╔══
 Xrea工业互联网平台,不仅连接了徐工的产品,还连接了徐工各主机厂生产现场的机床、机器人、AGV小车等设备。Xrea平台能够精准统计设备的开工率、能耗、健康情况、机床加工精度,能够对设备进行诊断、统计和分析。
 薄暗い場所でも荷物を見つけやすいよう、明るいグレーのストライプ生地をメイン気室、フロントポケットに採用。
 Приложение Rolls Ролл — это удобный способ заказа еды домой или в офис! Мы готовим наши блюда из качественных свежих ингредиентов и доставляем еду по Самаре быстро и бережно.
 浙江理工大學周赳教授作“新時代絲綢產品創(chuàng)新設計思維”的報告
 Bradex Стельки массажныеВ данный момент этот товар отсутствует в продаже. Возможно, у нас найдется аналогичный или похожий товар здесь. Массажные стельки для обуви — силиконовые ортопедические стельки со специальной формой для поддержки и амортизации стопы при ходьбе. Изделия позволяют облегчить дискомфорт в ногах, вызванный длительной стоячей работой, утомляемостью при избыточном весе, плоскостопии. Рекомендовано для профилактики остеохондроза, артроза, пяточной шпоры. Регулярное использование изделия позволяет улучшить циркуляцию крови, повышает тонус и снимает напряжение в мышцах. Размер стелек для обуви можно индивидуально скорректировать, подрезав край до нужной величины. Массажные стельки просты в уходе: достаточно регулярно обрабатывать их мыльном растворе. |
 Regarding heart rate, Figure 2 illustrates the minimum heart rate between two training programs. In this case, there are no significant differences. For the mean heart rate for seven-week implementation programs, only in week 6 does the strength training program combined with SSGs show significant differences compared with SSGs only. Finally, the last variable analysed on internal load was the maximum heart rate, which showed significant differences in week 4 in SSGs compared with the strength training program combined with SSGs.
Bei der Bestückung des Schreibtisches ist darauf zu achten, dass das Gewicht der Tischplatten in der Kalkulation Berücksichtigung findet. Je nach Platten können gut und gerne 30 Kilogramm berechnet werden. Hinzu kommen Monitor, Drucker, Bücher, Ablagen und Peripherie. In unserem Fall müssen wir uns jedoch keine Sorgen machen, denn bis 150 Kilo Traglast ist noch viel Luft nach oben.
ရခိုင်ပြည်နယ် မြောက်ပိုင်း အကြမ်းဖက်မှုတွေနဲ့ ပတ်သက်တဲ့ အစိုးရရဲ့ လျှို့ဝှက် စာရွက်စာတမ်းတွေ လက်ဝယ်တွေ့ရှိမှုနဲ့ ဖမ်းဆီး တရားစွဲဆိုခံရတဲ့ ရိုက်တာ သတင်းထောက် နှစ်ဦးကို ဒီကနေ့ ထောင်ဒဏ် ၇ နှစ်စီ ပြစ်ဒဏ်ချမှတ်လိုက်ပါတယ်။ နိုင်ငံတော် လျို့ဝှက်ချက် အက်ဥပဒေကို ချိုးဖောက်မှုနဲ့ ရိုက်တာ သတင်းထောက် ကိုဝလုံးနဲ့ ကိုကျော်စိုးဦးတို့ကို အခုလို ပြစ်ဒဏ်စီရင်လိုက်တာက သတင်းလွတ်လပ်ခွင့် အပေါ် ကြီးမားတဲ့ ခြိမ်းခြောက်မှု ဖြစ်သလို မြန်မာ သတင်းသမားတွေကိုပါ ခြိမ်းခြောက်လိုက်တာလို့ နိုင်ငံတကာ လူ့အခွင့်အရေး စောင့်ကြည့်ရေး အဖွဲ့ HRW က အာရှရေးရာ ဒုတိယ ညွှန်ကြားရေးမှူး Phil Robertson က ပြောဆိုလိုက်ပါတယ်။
╚══
╔══
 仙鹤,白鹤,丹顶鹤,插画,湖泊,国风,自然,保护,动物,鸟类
╚══
[Exercise goal]:
Copy the lines of the data above exactly as written, beginning with the line containing "Regarding heart rate, Figure" and ending with the line containing "ရခိုင်ပြည်နယ် မြောက်ပိုင်း အကြမ်းဖက်မှုတွေနဲ့", and leave out all other lines.

[Output of the task]:
 Regarding heart rate, Figure 2 illustrates the minimum heart rate between two training programs. In this case, there are no significant differences. For the mean heart rate for seven-week implementation programs, only in week 6 does the strength training program combined with SSGs show significant differences compared with SSGs only. Finally, the last variable analysed on internal load was the maximum heart rate, which showed significant differences in week 4 in SSGs compared with the strength training program combined with SSGs.
Bei der Bestückung des Schreibtisches ist darauf zu achten, dass das Gewicht der Tischplatten in der Kalkulation Berücksichtigung findet. Je nach Platten können gut und gerne 30 Kilogramm berechnet werden. Hinzu kommen Monitor, Drucker, Bücher, Ablagen und Peripherie. In unserem Fall müssen wir uns jedoch keine Sorgen machen, denn bis 150 Kilo Traglast ist noch viel Luft nach oben.
ရခိုင်ပြည်နယ် မြောက်ပိုင်း အကြမ်းဖက်မှုတွေနဲ့ ပတ်သက်တဲ့ အစိုးရရဲ့ လျှို့ဝှက် စာရွက်စာတမ်းတွေ လက်ဝယ်တွေ့ရှိမှုနဲ့ ဖမ်းဆီး တရားစွဲဆိုခံရတဲ့ ရိုက်တာ သတင်းထောက် နှစ်ဦးကို ဒီကနေ့ ထောင်ဒဏ် ၇ နှစ်စီ ပြစ်ဒဏ်ချမှတ်လိုက်ပါတယ်။ နိုင်ငံတော် လျို့ဝှက်ချက် အက်ဥပဒေကို ချိုးဖောက်မှုနဲ့ ရိုက်တာ သတင်းထောက် ကိုဝလုံးနဲ့ ကိုကျော်စိုးဦးတို့ကို အခုလို ပြစ်ဒဏ်စီရင်လိုက်တာက သတင်းလွတ်လပ်ခွင့် အပေါ် ကြီးမားတဲ့ ခြိမ်းခြောက်မှု ဖြစ်သလို မြန်မာ သတင်းသမားတွေကိုပါ ခြိမ်းခြောက်လိုက်တာလို့ နိုင်ငံတကာ လူ့အခွင့်အရေး စောင့်ကြည့်ရေး အဖွဲ့ HRW က အာရှရေးရာ ဒုတိယ ညွှန်ကြားရေးမှူး Phil Robertson က ပြောဆိုလိုက်ပါတယ်။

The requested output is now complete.